ASF GitHub Bot commented on YARN-11730:
---------------------------------------

arjunmohnot commented on PR #7049:
URL: https://github.com/apache/hadoop/pull/7049#issuecomment-2355769123

   Hi @slfan1989, the changes have been made and CI checks passed—could you 
kindly review when you get a chance? Thank you for your time and support!




> Resourcemanager node reporting enhancement for unregistered hosts
> -----------------------------------------------------------------
>
>                 Key: YARN-11730
>                 URL: https://issues.apache.org/jira/browse/YARN-11730
>             Project: Hadoop YARN
>          Issue Type: Improvement
>          Components: resourcemanager, yarn
>    Affects Versions: 3.4.0
>         Environment: Tested on multiple environments:
> A. Docker Environment{*}:{*}
>  * Base OS: *Ubuntu 20.04*
>  * *Java 8* installed from OpenJDK.
>  * Docker image includes Hadoop binaries, user configurations, and ports for 
> YARN services.
>  * Verified behavior using a Hadoop snapshot in a containerized environment.
>  * Performed Namenode formatting and validated service interactions through 
> exposed ports.
>  * Repo reference: 
> [arjunmohnot/hadoop-yarn-docker|https://github.com/arjunmohnot/hadoop-yarn-docker/tree/main]

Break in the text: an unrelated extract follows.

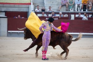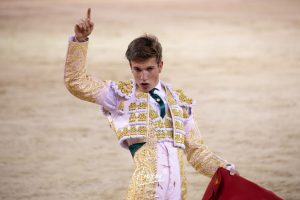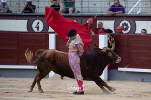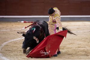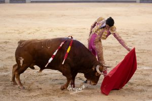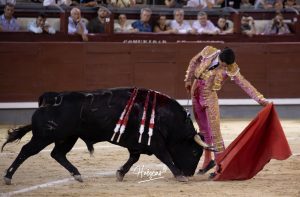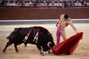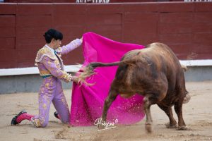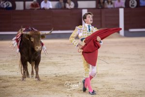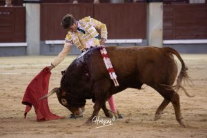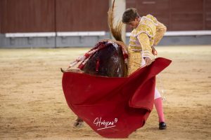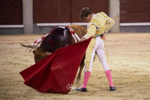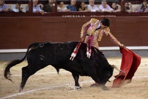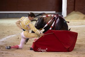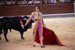 Tras ser herido Sergio Sánchez en el primero de su lote, se corrió turno y en cuarto lugar salió el quinto, segundo del lote de El Mene con el que llegaron los mejores momentos del festejo. Un novillo de mejor condición que sus hermanos al que saludó con buenas verónicas. De muleta lo inició por bonitos doblones. Al natural llegaron los momentos de más conexión con una embestida que transmitió. Por este pitón, fue prendido sin consecuencias. Volvió a la cara del novillo y dejó otra buena serie. Paseó una oreja.
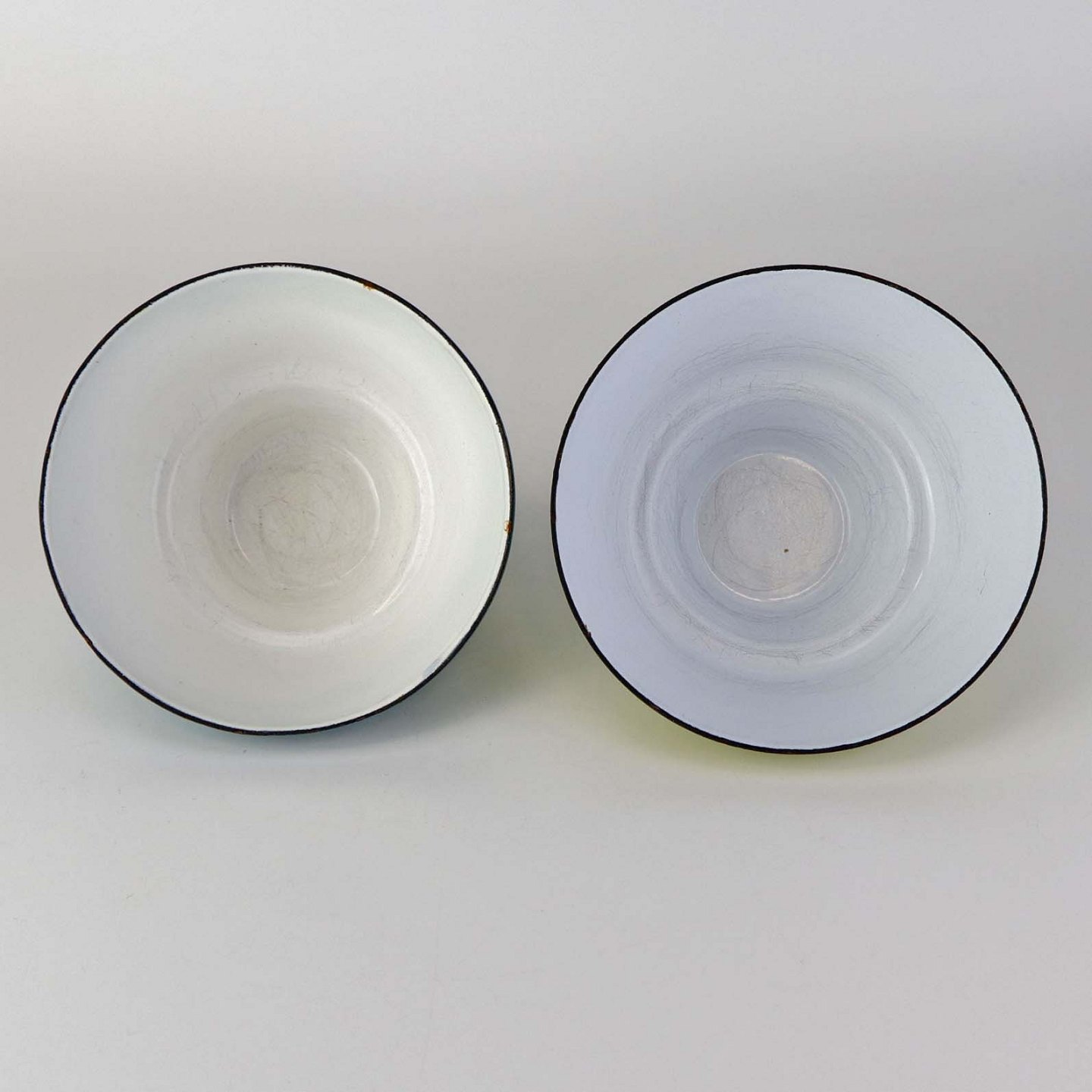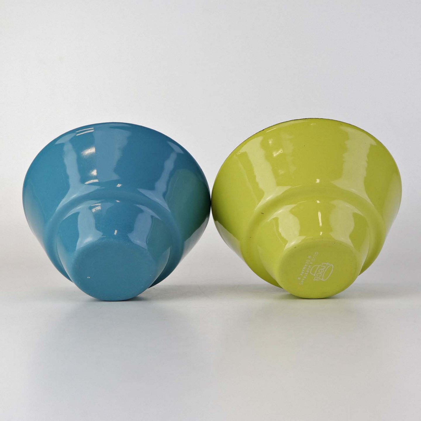 Text available in Danish: Et sæt med to mindre skåle i blå og limegrøn emalje med hvid emalje på indersiden. Model Treca

> B. Bare-metal Distributed Setup (RedHat Linux){*}:{*}
>  * Running *Java 8* in a High-Availability (HA) configuration with 
> *Zookeeper* for locking mechanism.
>  * Two ResourceManagers (RM) in HA: Failover tested between HA1 and HA2 RM 
> node, including state retention and proper node state transitions.

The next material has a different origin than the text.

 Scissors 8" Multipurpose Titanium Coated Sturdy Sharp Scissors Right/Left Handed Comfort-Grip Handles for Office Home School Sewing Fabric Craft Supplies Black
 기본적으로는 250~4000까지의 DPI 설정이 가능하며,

>  * Verified node state transitions during RM failover, ensuring nodes moved 
> between LOST, ACTIVE, and other states as expected.

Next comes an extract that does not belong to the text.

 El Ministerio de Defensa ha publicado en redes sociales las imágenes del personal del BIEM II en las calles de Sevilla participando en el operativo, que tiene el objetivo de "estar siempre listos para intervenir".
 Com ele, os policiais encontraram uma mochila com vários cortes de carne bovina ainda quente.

>            Reporter: Arjun Mohnot
>            Priority: Major
>              Labels: pull-request-available
>             Fix For: 3.5.0
>
>
> h3. Issue Overview
> When the ResourceManager (RM) starts, nodes listed in the _"include"_ file 
> are not immediately reported until their corresponding NodeManagers (NMs) 
> send their first heartbeat. However, nodes in the _"exclude"_ file are 
> instantly reflected in the _"Decommissioned Hosts"_ section with a port value 
> -1.
> This design creates several challenges:
>  * {*}Untracked Nodemanagers{*}: During Resourcemanager HA failover or RM 
> standalone restart, some nodes may not report back, even though they are 
> listed in the _"include"_ file. These nodes neither appear in the _LOST_ 
> state nor are they represented in the RM's JMX metrics. This results in an 
> untracked state, making it difficult to monitor their status. While in HDFS 
> similar behaviour exists and is marked as {_}"DEAD"{_}.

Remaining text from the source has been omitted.